# Bully Sticks and Bacteria



## KrystalLeigh (Aug 17, 2011)

So my Dad phoned me today because he was listening to the Howard Stern show and they were discussing bully sticks and mentioned a few "negative" things about them. They said that they are very high in calories and some have a very high bacteria content and allegedly have been linked to dog deaths. I searched online and this article was the first result. 

Now, I know that they are high in calories, and Odie doesn't eat very much of one at a time. A bully stick usually lasts her a good 2 weeks to a month before it even gets small enough to take away. The article I posted mentions that they're made of penis, which of course I already knew. The thing that worries me is the bacteria content. Is this a real threat? Is this any different from feeding raw? Is a dog digestive system designed to deal with these types of bacteria?

What do you think?


----------



## pupluv168 (Mar 7, 2012)

I have no idea about the bacteria. But Toby is like Odie and one bully stick lasts weeks, and he's never been sick. So I don't think I will worry about it. But I would like to hear others' opinions. 


Sent from Petguide.com App


----------



## Evelyn (Oct 14, 2012)

Well the MRSA is what really caught my eye, that is really bad, with us handling them and a dog injesting them, they could get that inside and it would be way to late, it spreads to fast and too easy. My dogs won't get anymore of them, I don't like the smell of them anyway. They lived without them before I heard of them, and I don't give it to them that often at all. Mine are going in they trash.


----------



## rubia (Jul 3, 2008)

Good link Krystal....interesting.


----------



## Brodysmom (Jan 8, 2009)

I suppose there could be a risk, just as there is a risk of bacterial contamination in kibble or any food/treats that are fed to our dogs. 
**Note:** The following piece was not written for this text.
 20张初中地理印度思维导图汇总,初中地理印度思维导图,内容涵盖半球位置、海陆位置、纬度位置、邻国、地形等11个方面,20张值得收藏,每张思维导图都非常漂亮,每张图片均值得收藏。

I store them in the freezer. Take one out, let Brody have it for awhile, then when he loses interest, it goes back in the freezer. If there were bacteria, the freezing process would halt them.
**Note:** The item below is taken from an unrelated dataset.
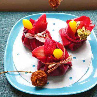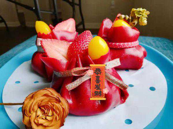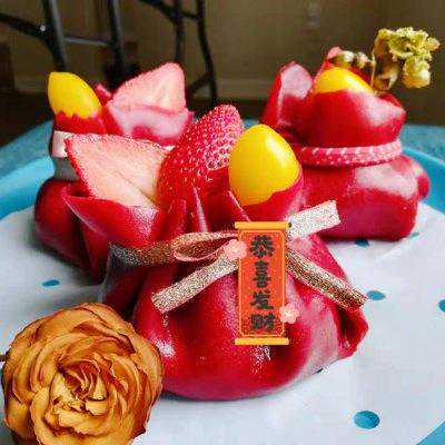 今天嘻子为大家带来的是很是受欢迎的福袋蛋糕,小小的福袋蛋糕包裹着你的浓浓情意,又喜庆漂亮还好吃。其实外层的福袋就是红丝绒千层皮,里面则是戚风蛋糕片,夹馅可以是你喜欢的任意味道。我做的是摩卡奶酪配草莓果酱和果粒。当你切开蛋糕,用小勺子挖下一口送进嘴里,摩卡奶酪带着咖啡香味和奶香率先袭击了你的味蕾,接着是草莓水果和果酱的清甜,千万不要以为咖啡和水果不搭对哦。品尝一下你就会打开未知美味的大门~当然你也可以为了省事只夹打发奶油,不过嘻子觉得由于千层皮和戚风蛋糕并不甜,所以夹馅的调味就是整个蛋糕的基础味道,这个味道丰富一点,蛋糕自然就多添一丝好吃啦(。・∀・)ノ゙话不多说,要知道好不好吃,赶快来试做吧!配料如下。此配方可做5-6个小福袋蛋糕。千层皮直径在22厘米左右。

I suppose it is a case of buyer beware and know that there are risks. To me, the risks are less than other comparable treats such as rawhide or compressed corn dental sticks. My favorite chew will always be a fresh raw bone as the safest and best recreational chew.


----------



## KittyD (Apr 2, 2010)

Evelyn said:


> Well the MRSA is what really caught my eye, that is really bad, with us handling them and a dog injesting them, they could get that inside and it would be way to late, it spreads to fast and too easy. My dogs won't get anymore of them, I don't like the smell of them anyway. They lived without them before I heard of them, and I don't give it to them that often at all. Mine are going in they trash.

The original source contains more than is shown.